As the high-melting point polyolefin, preferable is a high-melting point polypropylene having a melting point of 155° C. or more, and especially preferable are homo polypropylene, block polypropylene, thermoplastic olefin elastomer (TPO), and the like.

The lower limit of the content of the crosslinked polyolefin in second insulating layer 7 is preferably 70% by mass. When the content of the crosslinked polyolefin is equal to or lower than the lower limit value, the practically sufficient material characteristic might not be attained. The lower limit of the content of the crosslinked polyolefin in second insulating layer 7 may further be 80% by mass, or may also be 90% by mass or may also be 100% by mass.

Second insulating layer 7 may contain, in the range of not inhibiting the advantageous effect of the present disclosure, thermoplastic resins other than the above crosslinked polyolefin, and may contain other known additives. Examples of the known additives include antioxidants, flame retardants, tackifiers, lubricants, fillers, crystallization accelerators and colorants.

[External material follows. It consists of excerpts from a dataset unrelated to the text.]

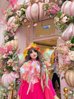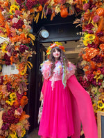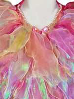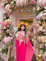 Step into an enchanted forest with the couture 'Nymph Cape Design'. A celebration of enchantment, this wearable art piece evokes blooming gardens and woodland glades. Hand-cut layers of colourful gradient organza cascade with fluid movement, reminiscent of an ethereal water nymph. Each layer is meticulously hand-stitched, shimmering with every gesture, and floats like the delicate wings of a whimsical forest nymph. Completed with ruffled tulle trims, the hand-beaded collar catches the light, framing the wearer in celestial brilliance. A must-have statement piece for colourful festivals, whimsical parties, and every moment where magic is called for. To wear this exclusive 'Nymph Cape Design' is to live within a story where nature and fantasy intertwine, a piece as ethereal and luminous as the nymph herself.
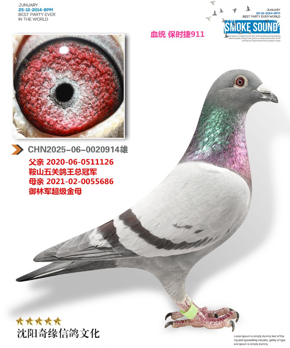 2、注明:鸽子在照片制作中,通常会使用Photoshop的图片翻转功能,造成视觉上足环位置的颠倒(左右脚互换),鸽子足环的位置以实物为准;
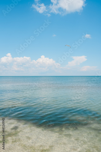 Seagulls flying in the sky. Seashone scene blue sea sky white clouds. Hot summer clear day

The lower limit of the average thickness T2 of second insulating layer 7 is preferably 25 μm. In the case where the average thickness T2 of second insulating layer 7 is less than 25 μm, the strength of second insulating layer 7 might not sufficiently be attained. The lower limit of the average thickness T2 of second insulating layer 7 may further be 30 μm, or may also be 40 μm. On the other hand, the upper limit of the average thickness T2 of second insulating layer 7 is preferably 250 μm. In the case where the average thickness of second insulating layer 7 is more than 250 μM, the amount of moisture penetrating from the atmospheric air through insulating film 5 into the inside of the nonaqueous electrolyte battery increases, resulting in increased amount of moisture penetrating inside, and the deterioration of the battery might be hastened. Here, in the present disclosure, the average thickness T2 of second insulating layer 7 is an average value of measurement values of thicknesses at 10 points on a surface having the largest area out of outer peripheral surfaces of second insulating layer 7.

(First Insulating Layer)

First insulating layer 8 is disposed farthest away from conductor 3, and is formed of a thermoplastic resin. First insulating layer 8 is laminated on an outermost surface of insulating film 5, and is laminated on a surface of the above second insulating layer 7. It is preferable that first insulating layer 8 contains, as a main component, a resin to be easily melted at a heat seal temperature when the opening of the enclosing container is heat sealed (thermally fused), and it is more preferable to contain, as a main component, a polyolefin. Here, in the present disclosure, the main component means a component with the highest content proportion in terms of mass, and means the component at a content in first insulating layer 8 of, for example, 50% by mass or more.

The polyolefin includes polypropylene, polyethylene and derivatives of these. It is preferable that the polypropylene is a random polypropylene having a melting point of 120° C. or more and 155° C. or less, and an MFR of 3 g/10 min or more and 15 g/10 min or less. Due to that the polyolefin is a random polyolefin, an advantage is that the adhesivity with second insulating layer 7 and an innermost resin layer of the enclosing container is sufficiently exhibited.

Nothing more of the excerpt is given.